» Task details:
For this exercise, write out only the lines of the entries below from the one with "Configuration générale des" up to and including the one with "螺紋無痕內衣女聚攏小胸顯大圓圓杯無鋼圈軟支撐防下垂收副乳文胸", exactly as they are. Pictures stay out.

» Excerpted records:
########
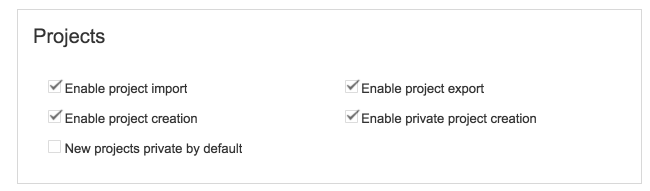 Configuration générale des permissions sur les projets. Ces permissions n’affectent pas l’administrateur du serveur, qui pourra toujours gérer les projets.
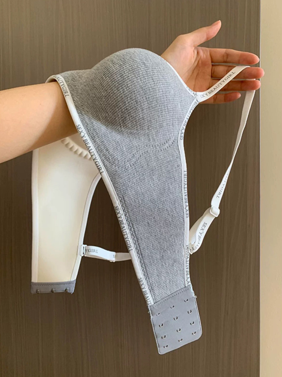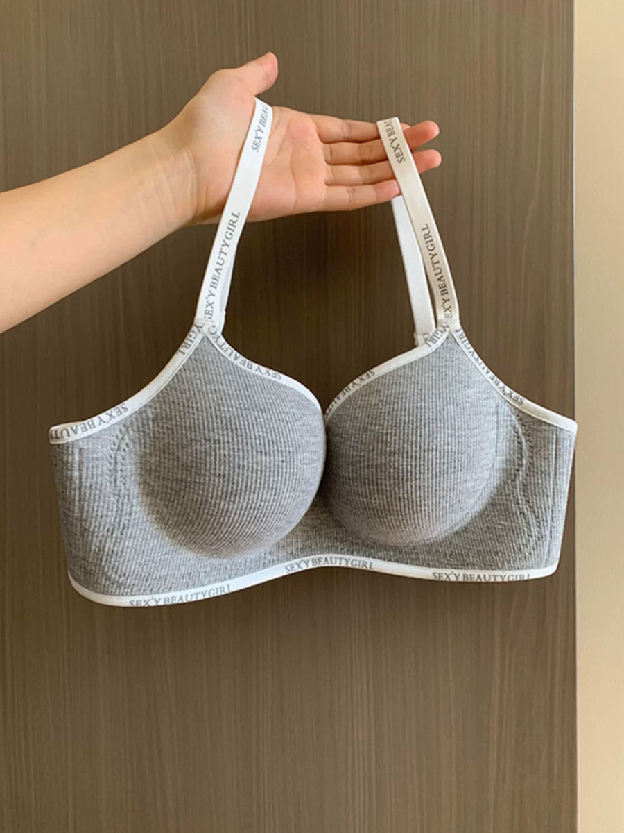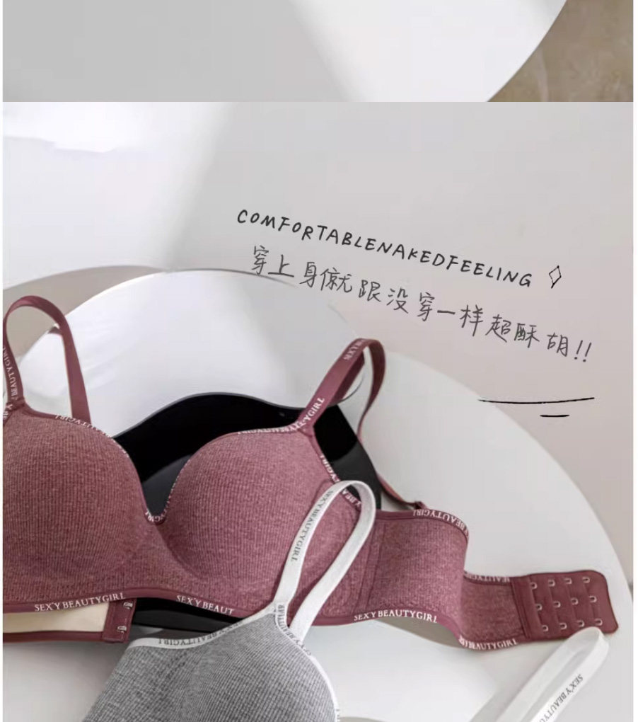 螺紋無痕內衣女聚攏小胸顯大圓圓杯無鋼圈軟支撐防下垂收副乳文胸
########
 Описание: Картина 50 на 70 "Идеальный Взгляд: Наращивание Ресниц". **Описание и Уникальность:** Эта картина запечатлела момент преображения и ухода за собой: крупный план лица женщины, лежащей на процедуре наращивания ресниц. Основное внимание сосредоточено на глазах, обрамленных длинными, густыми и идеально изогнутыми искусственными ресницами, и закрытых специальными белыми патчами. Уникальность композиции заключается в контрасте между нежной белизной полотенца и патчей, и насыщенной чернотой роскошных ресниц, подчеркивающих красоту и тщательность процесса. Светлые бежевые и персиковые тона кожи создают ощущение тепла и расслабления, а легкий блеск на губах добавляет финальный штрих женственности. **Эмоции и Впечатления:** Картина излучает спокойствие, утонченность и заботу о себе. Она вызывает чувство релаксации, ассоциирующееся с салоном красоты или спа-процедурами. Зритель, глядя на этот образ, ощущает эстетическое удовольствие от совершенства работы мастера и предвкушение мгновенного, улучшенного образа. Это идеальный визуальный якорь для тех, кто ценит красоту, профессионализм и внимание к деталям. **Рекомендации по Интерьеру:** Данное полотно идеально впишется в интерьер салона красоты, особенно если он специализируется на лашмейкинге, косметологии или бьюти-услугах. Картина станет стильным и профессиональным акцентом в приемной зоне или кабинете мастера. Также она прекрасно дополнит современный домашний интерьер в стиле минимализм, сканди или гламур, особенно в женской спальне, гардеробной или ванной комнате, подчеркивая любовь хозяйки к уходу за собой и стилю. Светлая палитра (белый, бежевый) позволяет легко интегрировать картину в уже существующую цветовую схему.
########
» Expected answer:
 Configuration générale des permissions sur les projets. Ces permissions n’affectent pas l’administrateur du serveur, qui pourra toujours gérer les projets.
 螺紋無痕內衣女聚攏小胸顯大圓圓杯無鋼圈軟支撐防下垂收副乳文胸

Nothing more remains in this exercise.